[Start of Attachment]

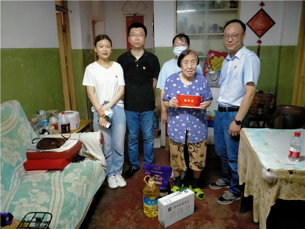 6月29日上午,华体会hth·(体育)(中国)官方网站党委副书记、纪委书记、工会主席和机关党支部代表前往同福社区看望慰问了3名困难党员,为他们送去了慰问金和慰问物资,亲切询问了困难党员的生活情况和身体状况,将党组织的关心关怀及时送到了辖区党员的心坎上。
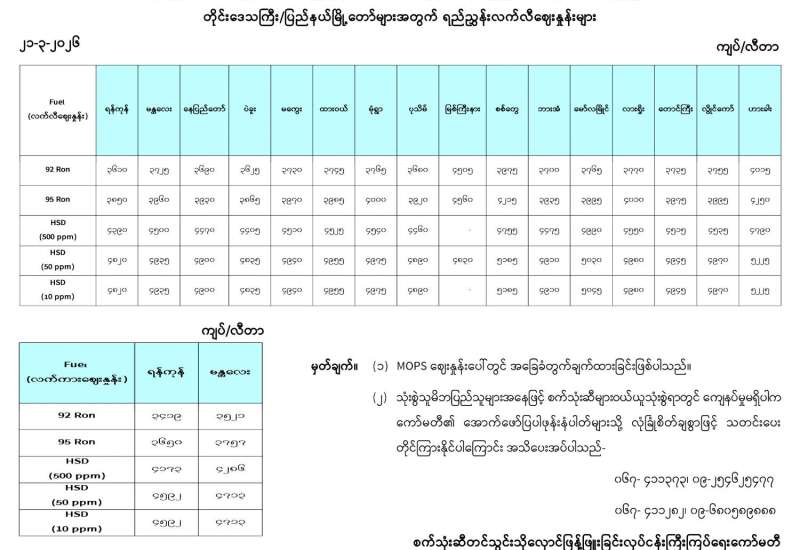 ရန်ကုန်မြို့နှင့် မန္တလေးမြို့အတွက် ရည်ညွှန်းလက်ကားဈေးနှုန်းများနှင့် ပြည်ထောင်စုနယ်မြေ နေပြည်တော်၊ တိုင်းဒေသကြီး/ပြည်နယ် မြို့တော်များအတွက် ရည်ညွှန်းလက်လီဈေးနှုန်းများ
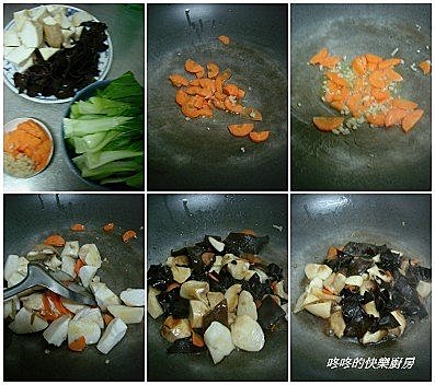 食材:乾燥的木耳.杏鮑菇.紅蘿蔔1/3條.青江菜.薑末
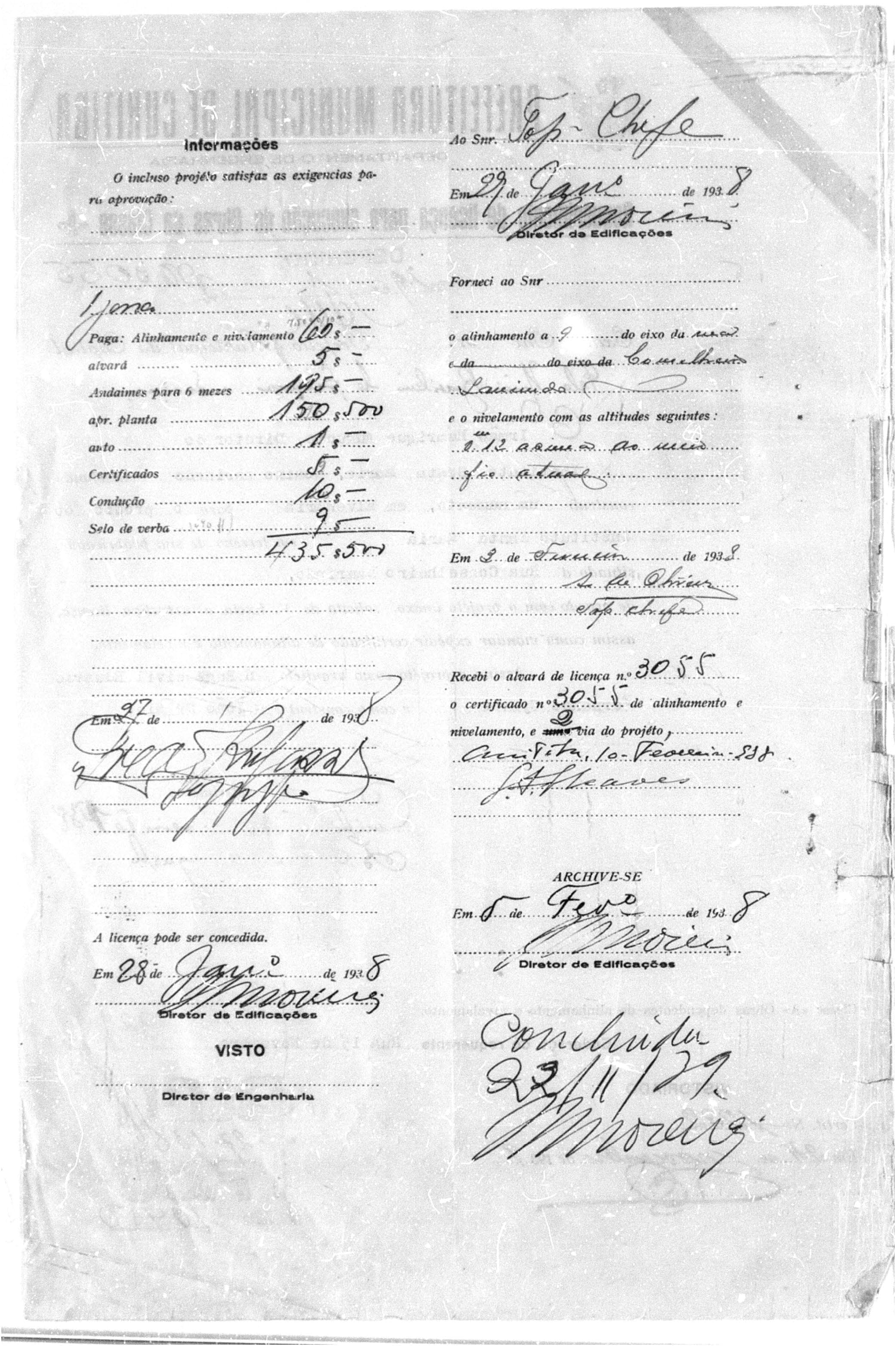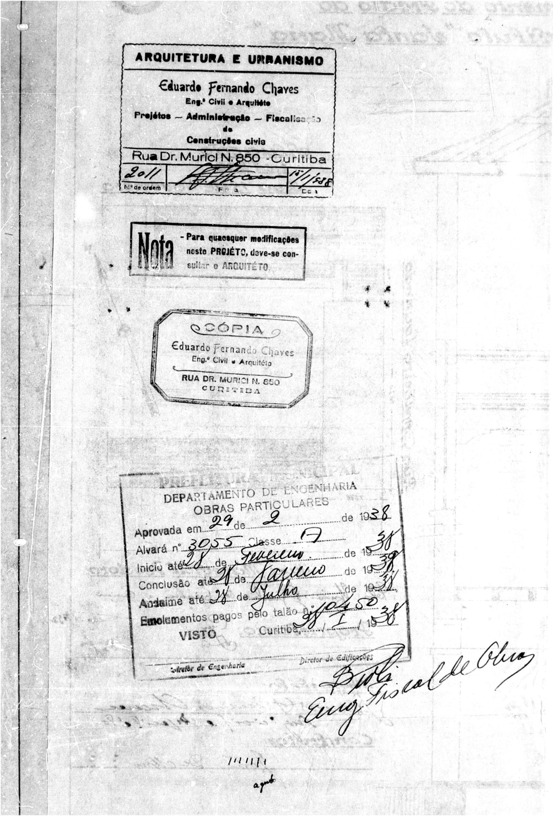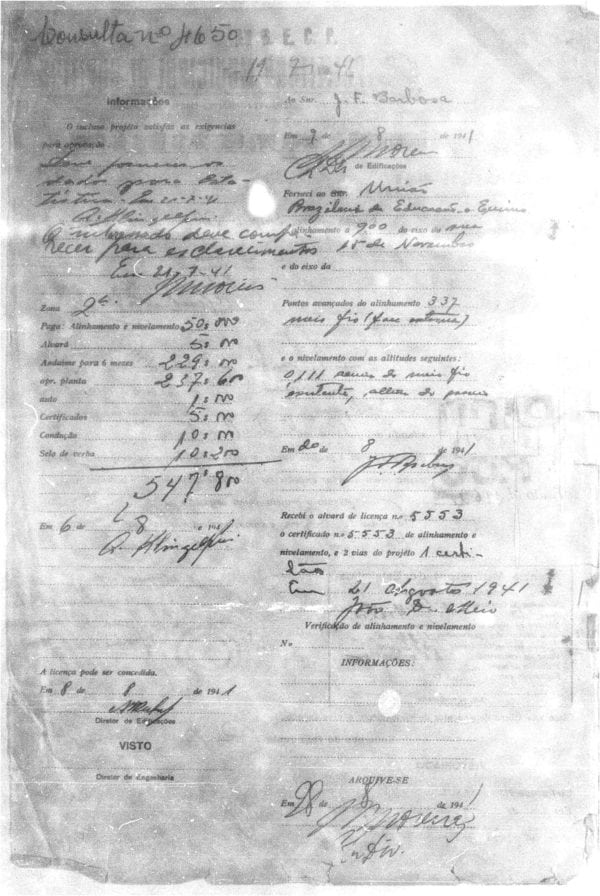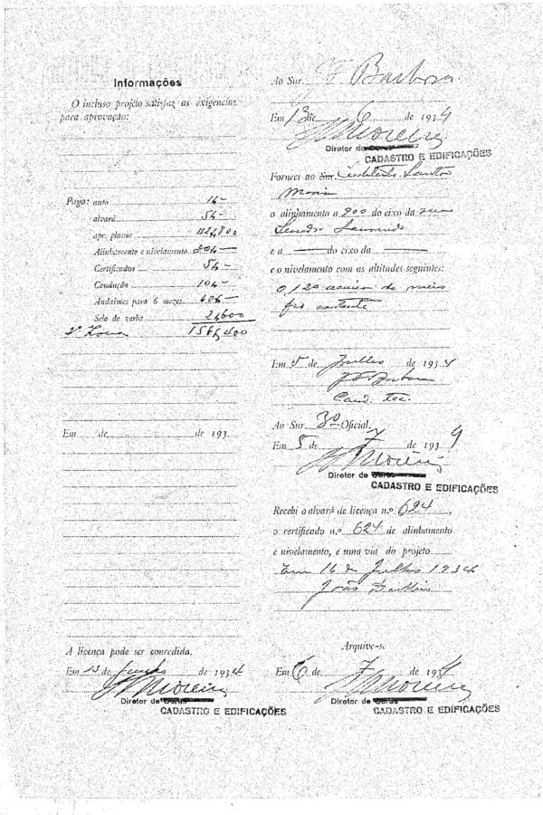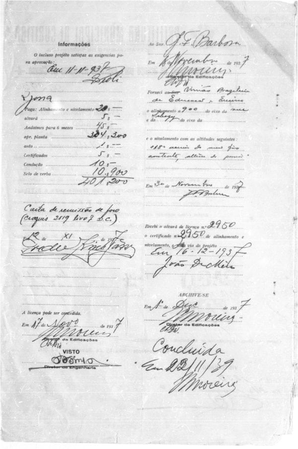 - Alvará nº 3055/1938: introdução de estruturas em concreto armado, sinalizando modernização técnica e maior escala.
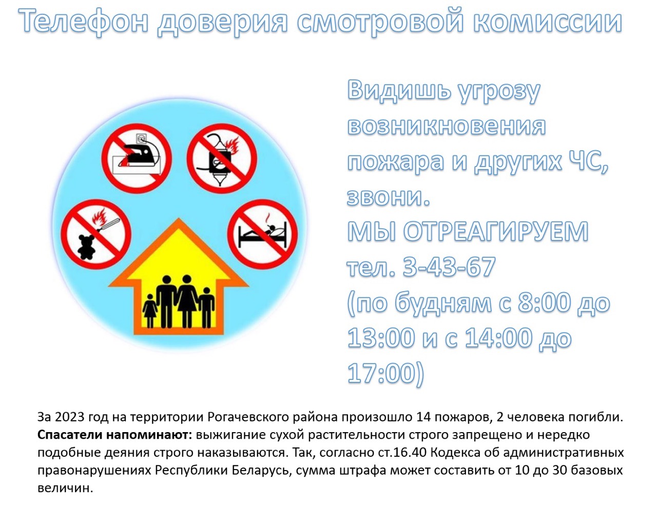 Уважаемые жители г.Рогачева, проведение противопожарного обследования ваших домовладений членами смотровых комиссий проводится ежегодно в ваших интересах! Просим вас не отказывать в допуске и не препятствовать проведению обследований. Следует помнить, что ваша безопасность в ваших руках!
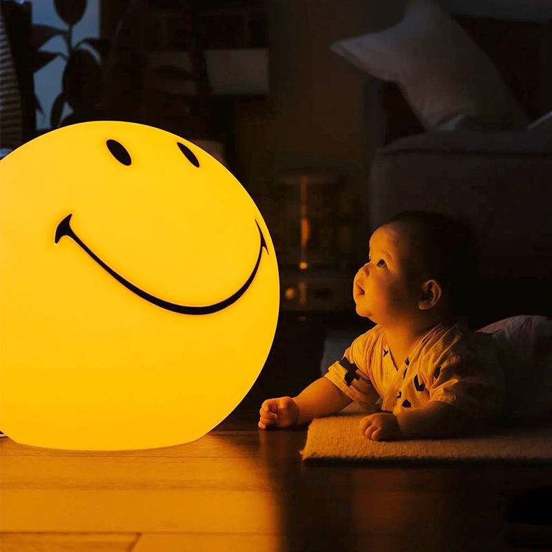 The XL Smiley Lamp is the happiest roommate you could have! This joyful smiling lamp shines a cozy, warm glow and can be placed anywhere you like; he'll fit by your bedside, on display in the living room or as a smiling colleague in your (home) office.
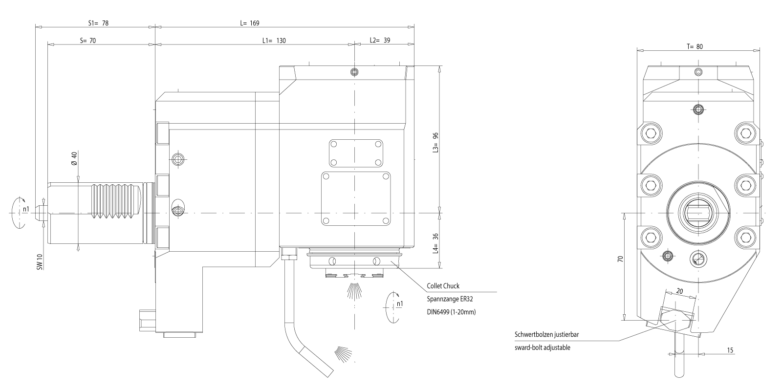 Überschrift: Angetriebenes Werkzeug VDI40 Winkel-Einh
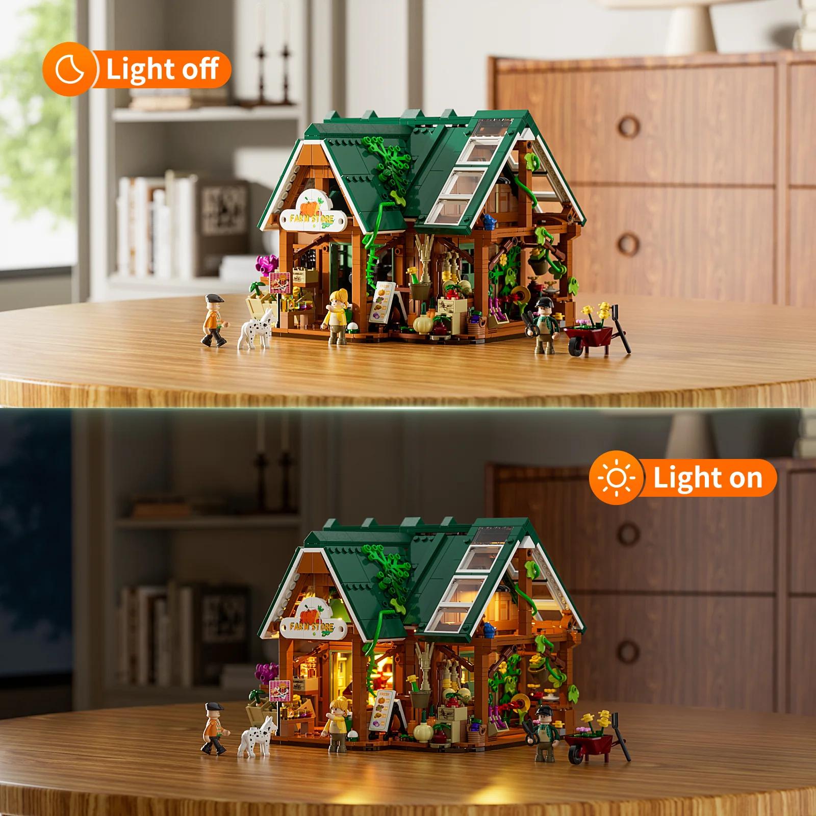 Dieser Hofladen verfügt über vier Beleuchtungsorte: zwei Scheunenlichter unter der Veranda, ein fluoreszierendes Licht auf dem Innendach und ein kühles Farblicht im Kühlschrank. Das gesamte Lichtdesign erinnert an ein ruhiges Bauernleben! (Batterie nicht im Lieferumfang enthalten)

[End of Attachment]

_Exercise brief_: Give every record again word for word, pictures excluded.

_Solution to this exercise_:
 6月29日上午,华体会hth·(体育)(中国)官方网站党委副书记、纪委书记、工会主席和机关党支部代表前往同福社区看望慰问了3名困难党员,为他们送去了慰问金和慰问物资,亲切询问了困难党员的生活情况和身体状况,将党组织的关心关怀及时送到了辖区党员的心坎上。
 ရန်ကုန်မြို့နှင့် မန္တလေးမြို့အတွက် ရည်ညွှန်းလက်ကားဈေးနှုန်းများနှင့် ပြည်ထောင်စုနယ်မြေ နေပြည်တော်၊ တိုင်းဒေသကြီး/ပြည်နယ် မြို့တော်များအတွက် ရည်ညွှန်းလက်လီဈေးနှုန်းများ
 食材:乾燥的木耳.杏鮑菇.紅蘿蔔1/3條.青江菜.薑末
 - Alvará nº 3055/1938: introdução de estruturas em concreto armado, sinalizando modernização técnica e maior escala.
 Уважаемые жители г.Рогачева, проведение противопожарного обследования ваших домовладений членами смотровых комиссий проводится ежегодно в ваших интересах! Просим вас не отказывать в допуске и не препятствовать проведению обследований. Следует помнить, что ваша безопасность в ваших руках!
 The XL Smiley Lamp is the happiest roommate you could have! This joyful smiling lamp shines a cozy, warm glow and can be placed anywhere you like; he'll fit by your bedside, on display in the living room or as a smiling colleague in your (home) office.
 Überschrift: Angetriebenes Werkzeug VDI40 Winkel-Einh
 Dieser Hofladen verfügt über vier Beleuchtungsorte: zwei Scheunenlichter unter der Veranda, ein fluoreszierendes Licht auf dem Innendach und ein kühles Farblicht im Kühlschrank. Das gesamte Lichtdesign erinnert an ein ruhiges Bauernleben! (Batterie nicht im Lieferumfang enthalten)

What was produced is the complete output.